The Reflected Cross Site Scripting vulnerable pages are pretty standard & straightforward, and should provide reliable basis for assessing the detection capabilities of different scanners.

However, it is important to remember that the SQL Injection vulnerable pages used a MySQL database as a data repository, and thus, the SQL Injection detection results only reflect detection results of SQL Injection vulnerabilities in this type of database; the results that might vary when the back end data repository will be different (a theory that will be verified in the next benchmark).

Description of Comparison Tables

The list of tools tested in this benchmark is organized within the following reports:

List of Tested Scanners (http://wavsep.googlecode.com/files/List%20of%20Tested%20Web%20Application%20Vulnerability%20Scanners%20v1.0.pdf)

Source, License and Technical Details of Tested Scanners (http://wavsep.googlecode.com/files/Details%20of%20Tested%20Web%20Application%20Vulnerability%20Scanners%20v1.0.pdf)

For those of you that wish to get straight to the point, the results of the accuracy assessment are organized within the following reports:

Benchmark Results – Reflected XSS Detection Accuracy (http://wavsep.googlecode.com/files/Web%20Application%20Scanner%20RXSS%20Detection%20Accuracy%20v1.0.pdf)

Benchmark Results – SQL Injection Detection Accuracy – Total (http://wavsep.googlecode.com/files/Web%20Application%20Scanner%20SQLi%20Detection%20Accuracy%20v1.0.pdf)

Benchmark Drilldown – Blind SQL Injection Detection (http://wavsep.googlecode.com/files/Web%20Application%20Scanner%20SQLi%20Detection%20Accuracy%20-%20Blind%20v1.0.pdf)

Benchmark Drilldown – Erroneous SQL Injection Detection

(http://wavsep.googlecode.com/files/Web%20Application%20Scanner%20SQLi%20Detection%20Accuracy%20-%20ErrorBased%20v1.0.pdf)

Additional information was gathered during the benchmark, including information related to the different features of various scanners.

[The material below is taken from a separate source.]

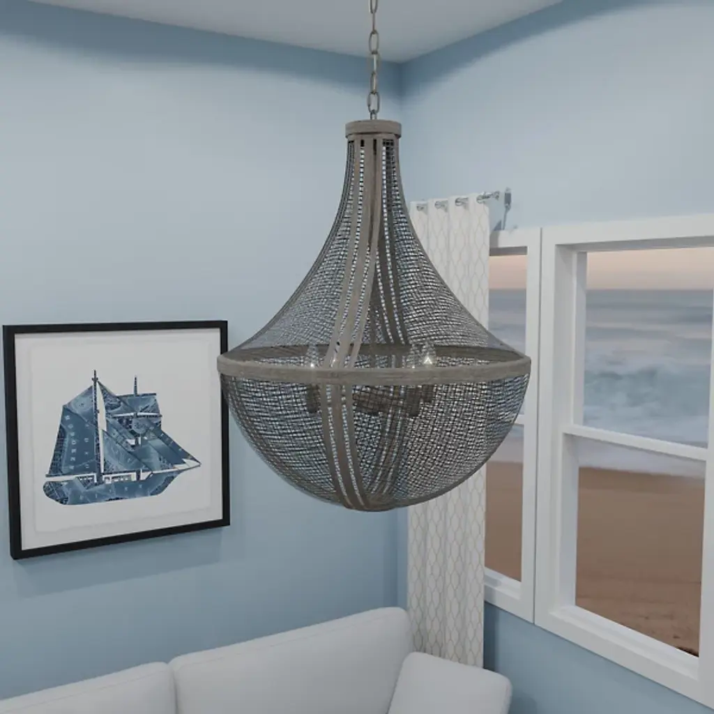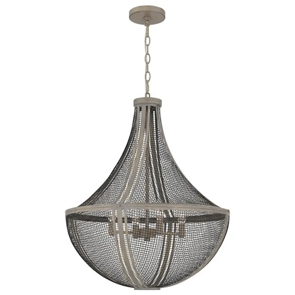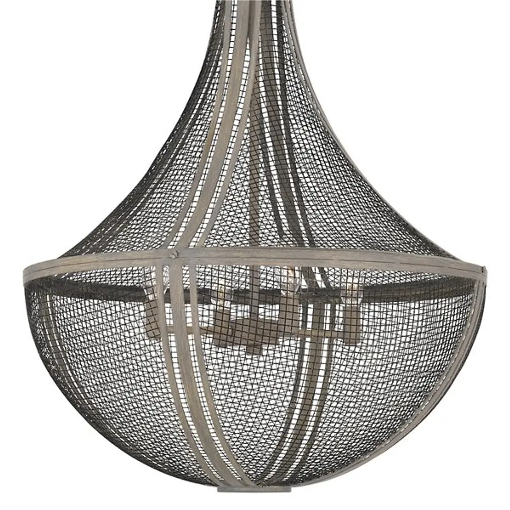 Enchanting its surroundings with an open global design, Quoizel's Hallie Pendant features a metal mesh shade and a captivating distressed grey wood finish. The fusion of the grey wood-themed accent over its steel frame evokes modern farmhouse charm, making a bold visual impact in foyers, hallways, living rooms, or home offices. Suspended from a circular canopy by a chain, its open design offers versatile functionality and style. Damp-listed for durability, this pendant intersects transitional aesthetics, infusing any interior setting with a refined yet rustic allure.

These details are organized in the following reports, and might prove useful when searching for tools for specific tasks or tests:

Comparison of Active Vulnerability Detection Features (http://wavsep.googlecode.com/files/Active%20Vulnerability%20Detection%20Features%20Comparison%20v1.0.pdf)

Comparison of Complementary Scanning Features - Passive Analysis, CGI Scanning, Brute Force, etc (http://wavsep.googlecode.com/files/Complementary%20Scan%20Features%20Comparison%20v1.0.pdf)

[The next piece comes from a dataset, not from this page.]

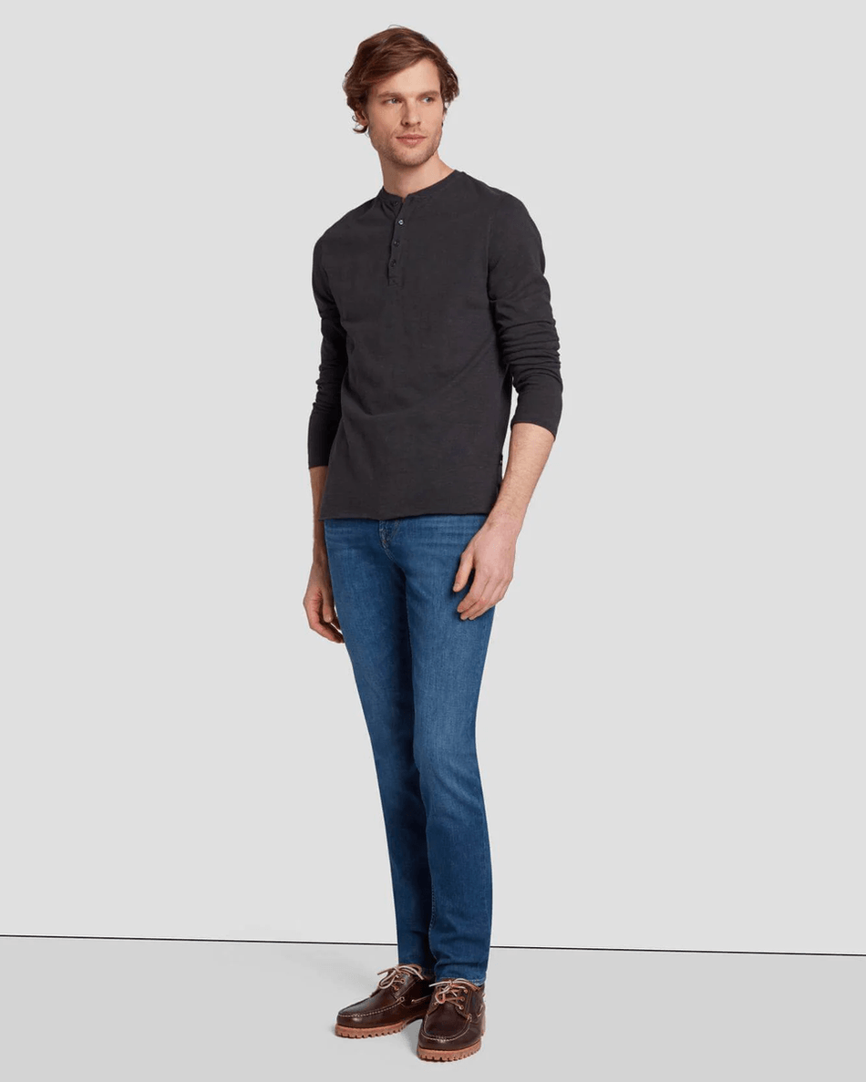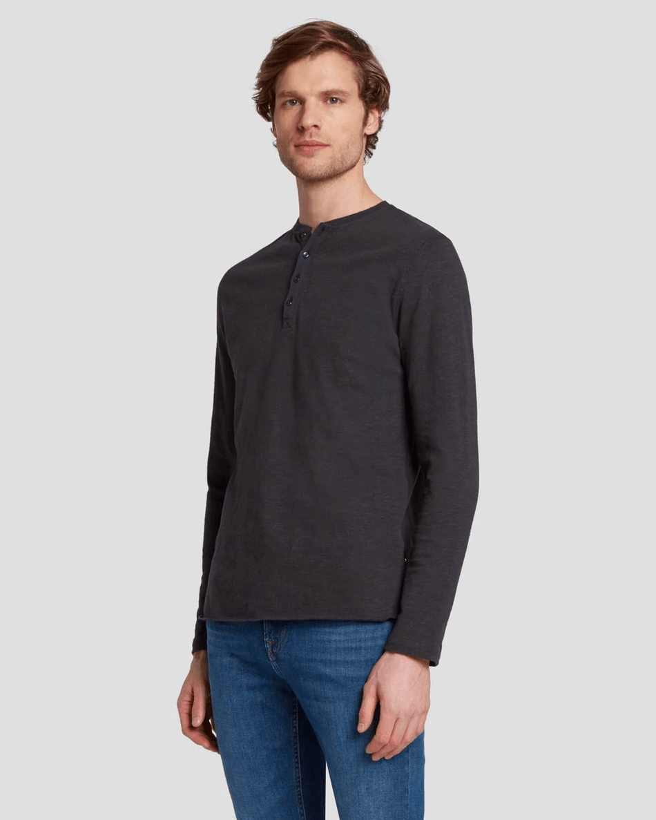 Discover the 7 For All Mankind Long Sleeve Henley in Naval Blue

Comparison of Usability, Coverage and Scan Initiation Features (http://wavsep.googlecode.com/files/List%20of%20Scanner%20Features%20%281%20of%203%29%20v1.0.pdf)

Comparison of Authentication, Scan Control and Connection Support Features (http://wavsep.googlecode.com/files/List%20of%20Scanner%20Features%20%282%20of%203%29%20v1.0.pdf)

Comparison of Advanced and Uncommon Features (http://wavsep.googlecode.com/files/List%20of%20Scanner%20Features%20%283%20of%203%29%20v1.0.pdf)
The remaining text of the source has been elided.